Summary: Big Data is Dead by Jordan Tigani
For over a decade, inability to gain value from data has been blamed on its size. But data size wasn’t the problem.
Original article: Big Data Is Dead by Jordan Tigani
Motivation: data size isn’t the problem - most data is stored but rarely queried and almost never queried all at once. While vendors push their ability to scale (“Big Data is coming! You need to buy what I’m selling!“), practitioners struggle to solve simpler real-world “small-data” problems.
Most people don’t have that much data
One of MotherDuck’s investors surveyed their portfolio companies about their data sizes, and they found out that:
100 GB was the right order of magnitude for a data warehouse size
the largest B2B companies had 1TB of data, and the largest B2C companies had 10 TB of data in their cloud data warehouse.
To understand why large data sizes are rare, it is helpful to think about where data comes from. The most critical data is usually small; new orders, customer records, or new leads. Large data sets often come from auxiliary data sources that are relevant only for a short time (high-velocity data such as logs, traces, metrics, text, …) and don’t need to be kept for very long.
Even if you have lots of data, most of it is rarely queried — storage increases much faster than compute
Thanks to scalable and reasonably fast object storage such as S3 and GCS, you can store a lot of data and decide later how to query it (there are fewer constraints on a database design). While new data is generated all the time, most analysis is done only on the most recent data.
“This bias towards storage size over compute size has a real impact in system architecture. It means that if you use scalable object stores, you might be able to use far less compute than you had anticipated. You might not even need to use distributed processing at all.”
Scanning all data when running analytical queries is wasteful, and there are many techniques these days that allow you to further reduce how much data needs to be queried and processed (compute):
building aggregations containing important answers for reporting (no need to keep all granular data),
column projection to read only a subset of fields,
partition pruning to read only a narrow date range,
exploit locality in the data via clustering or automatic micro-partitioning,
doing less IO at query time by computing over compressed data, projection, and predicate pushdown.
Economic pressures incentivize people to reduce the amount of data to process. This holds true even if you’re not using a pay-per-byte-scanned pricing model (such as with BigQuery)—optimized queries can be processed with a smaller Snowflake instance.
Is Big Data Dead?
In 2004, when the MapReduce paper was published, scaling up was expensive. But today, you can spin up a relatively affordable cloud compute VM instance with incredible capacity within minutes. Also, cost scales up linearly with compute power.
So, why do people end up with big data even today?

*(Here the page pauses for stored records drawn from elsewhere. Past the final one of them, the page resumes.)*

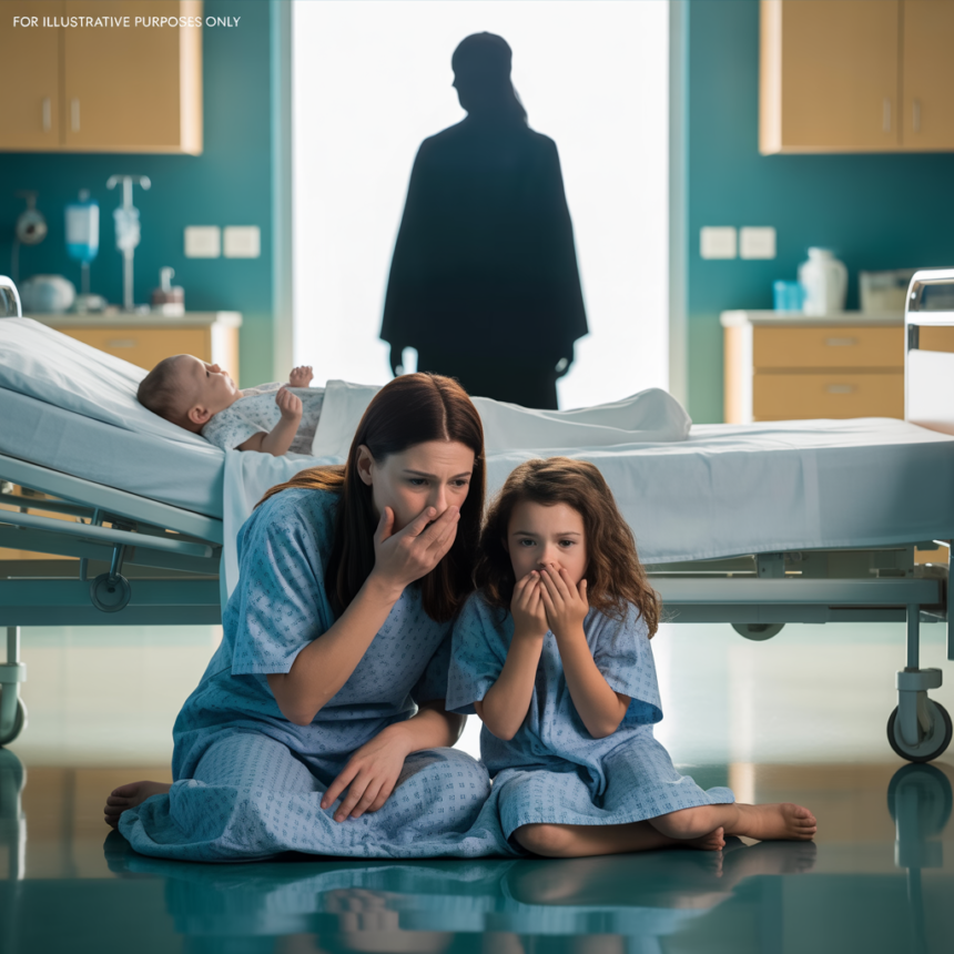Instead I felt the instinctive jolt of danger and obeyed. My body still ached from labor, my legs still weak, but I followed her to the floor and crawled beneath the metal frame. The cool tiles pressed against my hips as we squeezed together in the narrow space.
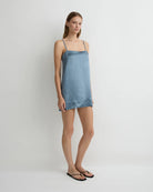 Kobe Mini Slip Dress in Steel Blue
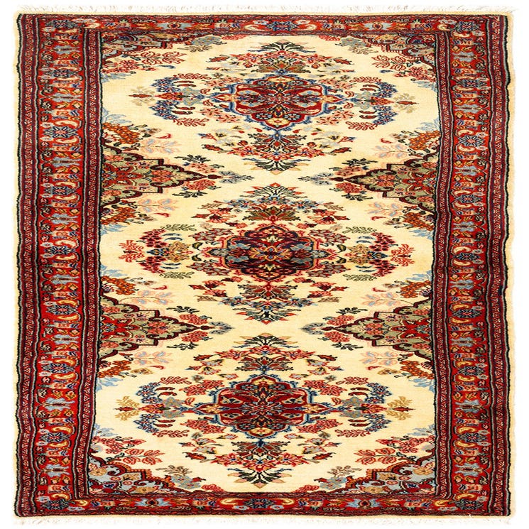 A 7 ft ivory runner rug with a traditional Persian floral pattern in red, blue, and gold, perfect for a hallway.

When you don’t know what’s worth keeping, you hoard everything in data swamps. This leads to increased storage costs, maintenance burden (”bit rot”), and potential legal implications for storing data you shouldn’t. Deciding what can be deleted requires hard work and prioritization.
“Big Data is real, but most people may not need to worry about it.“
Some questions that you can ask to figure out if you’re a “Big Data One-Percenter”:
Are you really generating a huge amount of data? If so:
do you need to process it at once?
is your data really too big to fit on one machine?
are you hoarding data instead of deciding how to model your data and what to keep? can something be stored in an aggregated way?
If not, use simpler tools that help you handle data at the size you actually have, not the size that people try to scare you into thinking that you might have someday.
Core message & CTA
Stop worrying about data size and focus on how to use it.